Some say this fire has been burning since the beginning of the world.
Some say five thousand years; some say it is one and the same. It doesn’t matter what you believe—the fire and the custom are ancient. When your flesh burns away in this flame, your emancipated soul flies free—into nirvana—and the cycle of birth and death, of endless samskara, is broken. Such a soul gains enlightenment.
Small wonder, then, that the paving stones that line the Ganges are filled with the sick, the old and the dying. All have come to seek the learning that begins with the burning. All have come to give up the illusion that life ever belonged to them in the first place; that they were ever anything but love given form in which to dance. This is the end of the beginning. This is the first day of school for the newly freed soul.

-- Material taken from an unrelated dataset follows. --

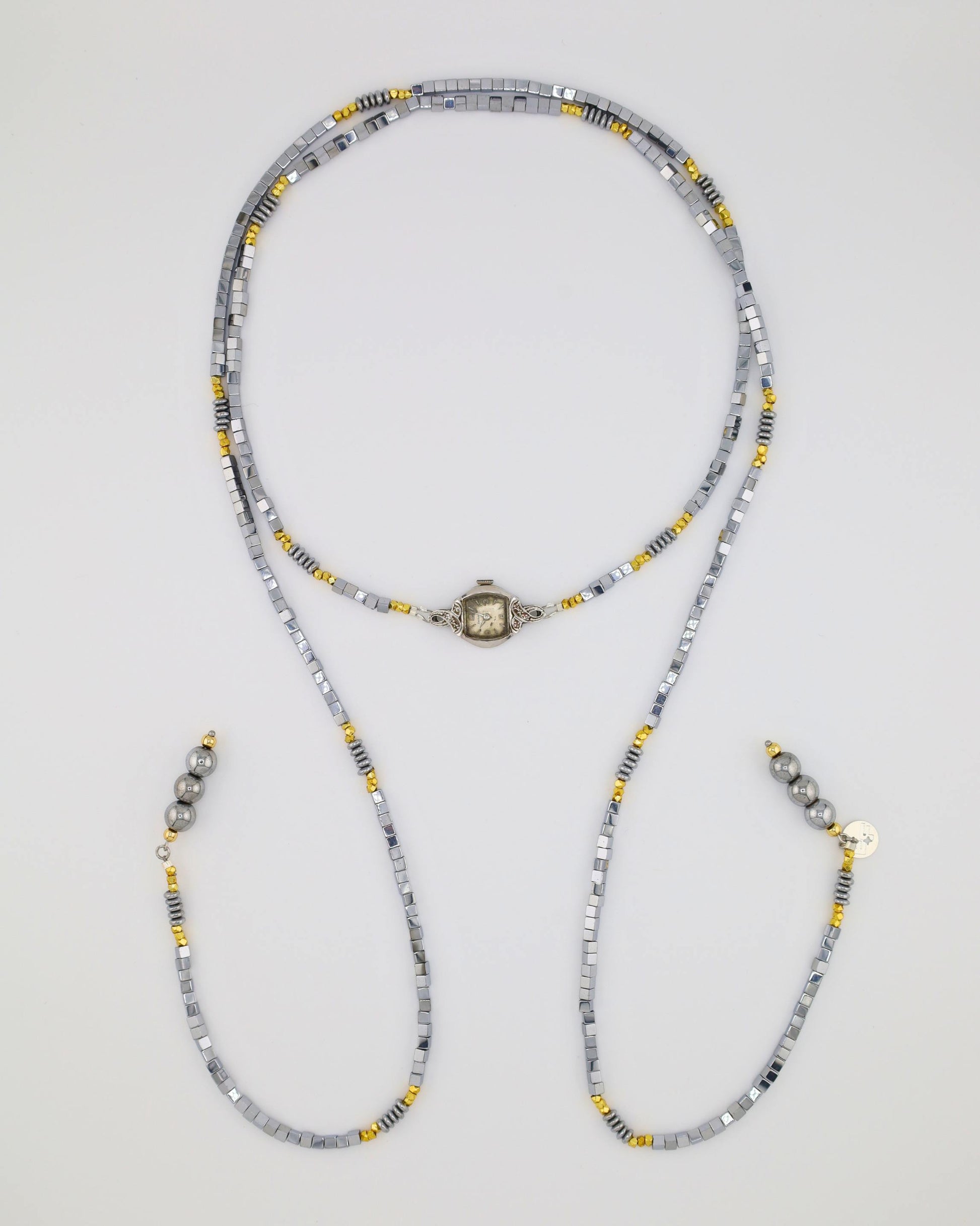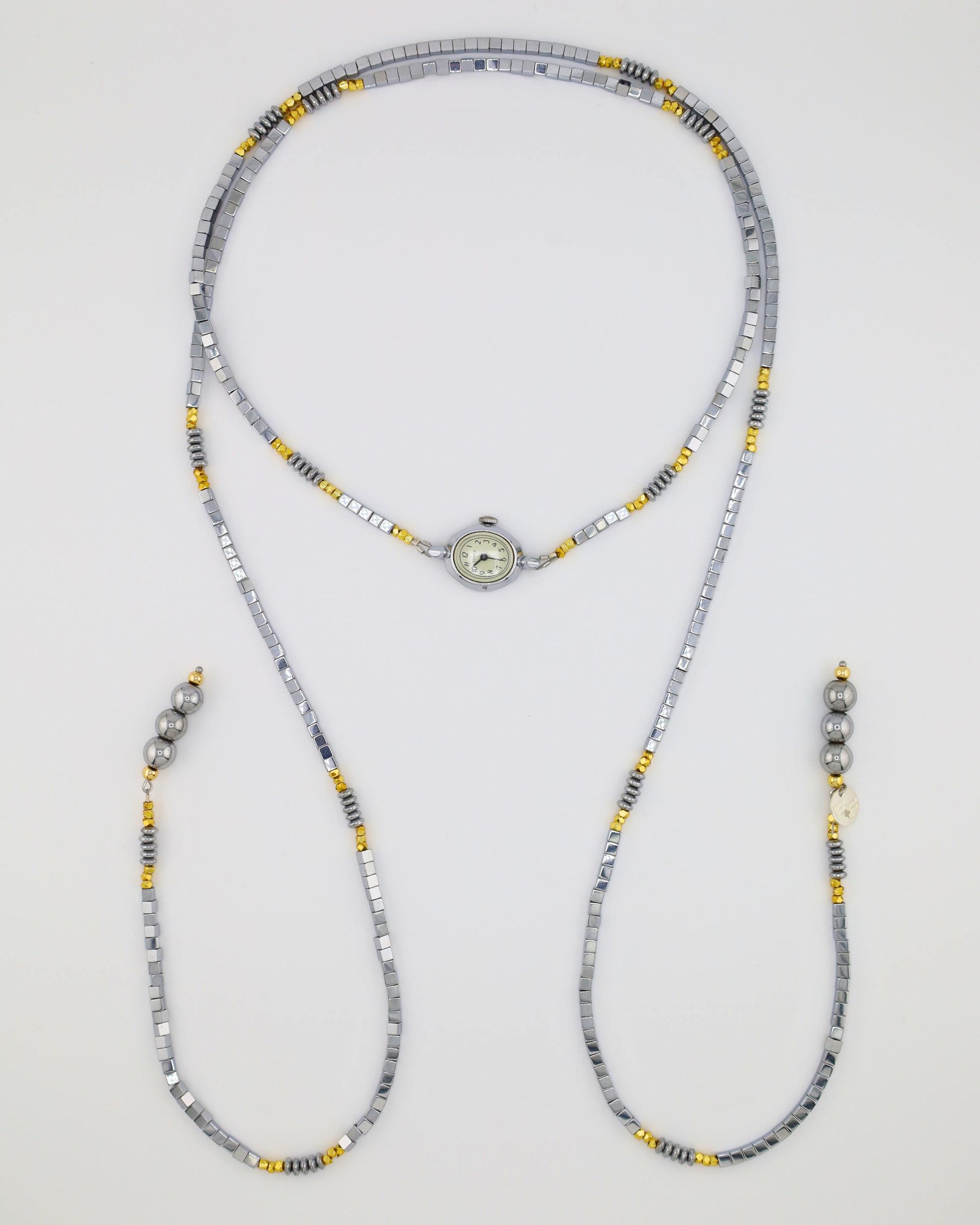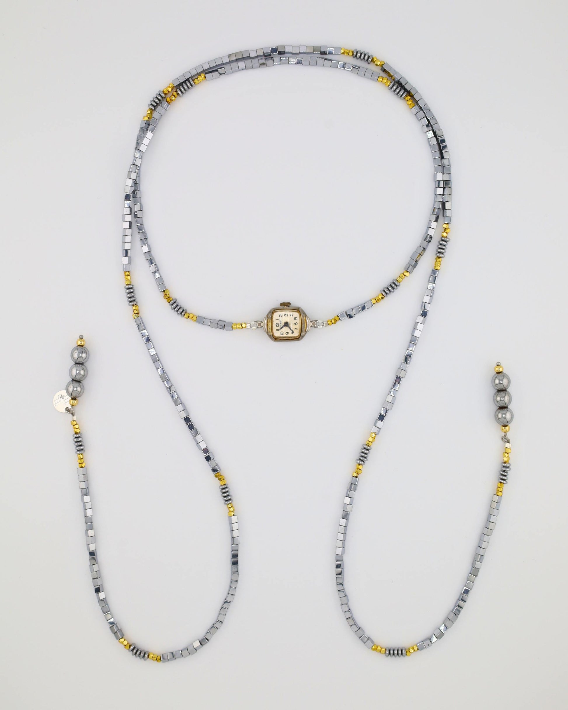 Designed and handmade by us with care, our new Croma Watch Lariat Necklace offers a fresh take on our jewelry silhouettes. Crafted with carefully curated faceted squared and gold hematites, this adjustable necklace features a vintage watch centerpiece, blending function and style in a unique, wearable piece. Its versatile lariat design allows you to layer it or wear it solo, adding a subtle twist to any outfit. Each watch centerpiece has its own character, with minor scratches or imperfections that make every necklace truly one of a kind, just like you.

The Ganges rolls on by, unperturbed, as she has for thousands of years. Body parts that refuse to burn—stubborn bones, bits of teeth—will be cast in, along with countless other nauseating detritus of human and animal waste. It seems barbaric to the Western mind—dirty! We are exhorted. Don’t touch! But the people here don’t just touch her; they bathe in her, baptize in her, wash away their sins with her warm, oily waters. Mother Ganges absorbs and expunges the hurts and wrongs, the evils, pains and worries of the many.

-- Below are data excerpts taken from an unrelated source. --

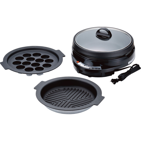 これ1台で鍋物はもちろん、たこ焼きや焼肉も楽しめる、グリルパン3点セットです。プレートは丸洗い可能です。
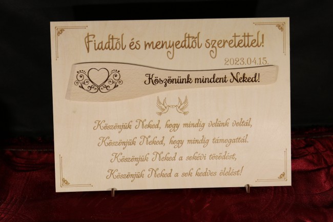 A táblán lévő szöveg személyre szabható. A kívánt változtatásokat a megjegyzés mezőben tudja felénk jelezni. Ha szükséges, a megrendelést követően felvesszük önnel a kapcsolatot további egyeztetés céljából.
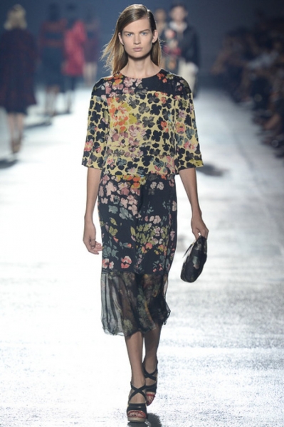 Nel primo giorno di sfilate parigine corriamo a vedere le proposte di un giovane stilista, Anthony Vaccarello. Presenta Gonne molto belle chiuse da fibbie che sembrano dei moschettoni, tagliate obliquamente. Mentre gli abiti che fa uscire, malgrado siano “mini” hanno delle grandissime lettere cubitali. Uno stilista che la stampa seguirà anche in futuro con attenzione.
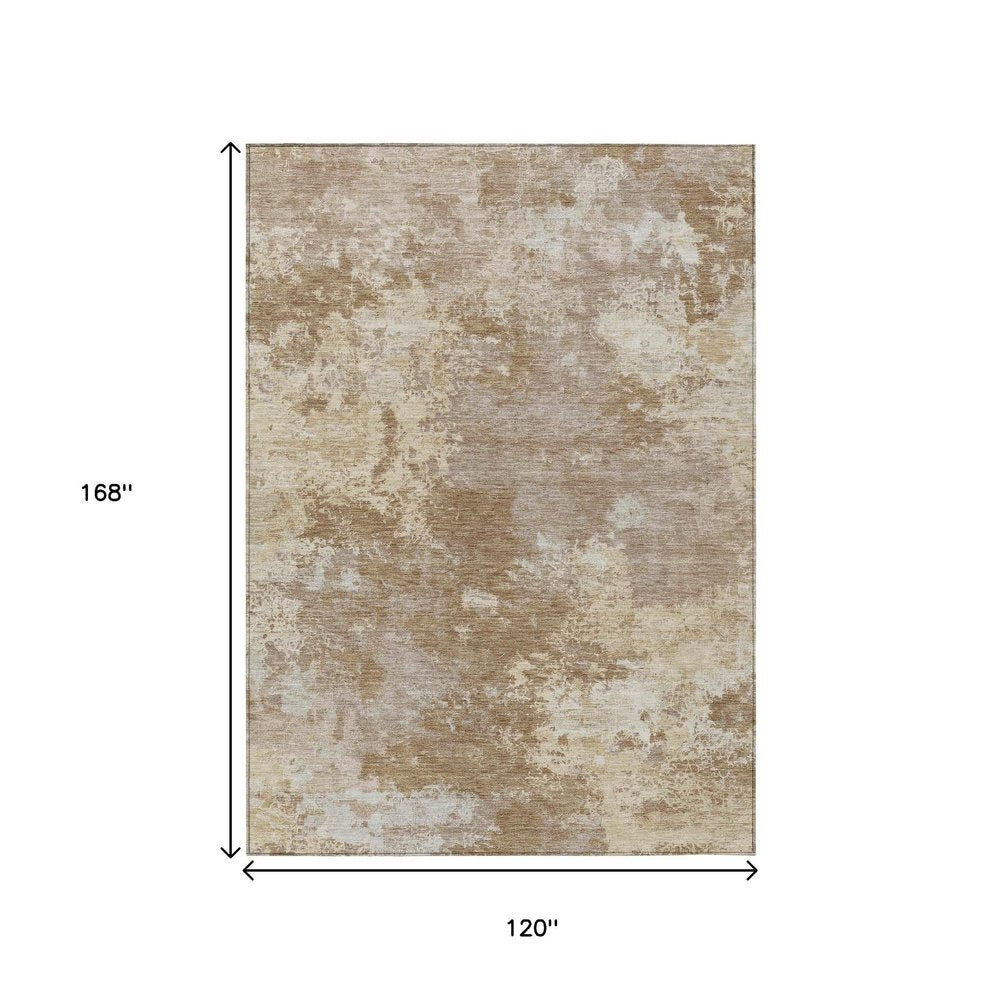 10' X 14' Brown And Beige Abstract Washable Indoor Outdoor Area Rug

Strange, to imagine that filth can wash away filth. Strange, to believe that ashes can birth a new soul. From the old, the begrimed and the defunct the soul rises daily, renewed, no matter the state of the body it leaves behind. This is the beauty in decay. This is the jewel in the crown of death.
Daily life in Varanasi tumbles on, its chaos and delight, its smells and sounds threading through the rising smoke, ash and incense. Life and death, inextricably bound together, meet here on the banks of the river of time itself. I walk its shallows. I soak in its meaning. I add my own words to its endless story.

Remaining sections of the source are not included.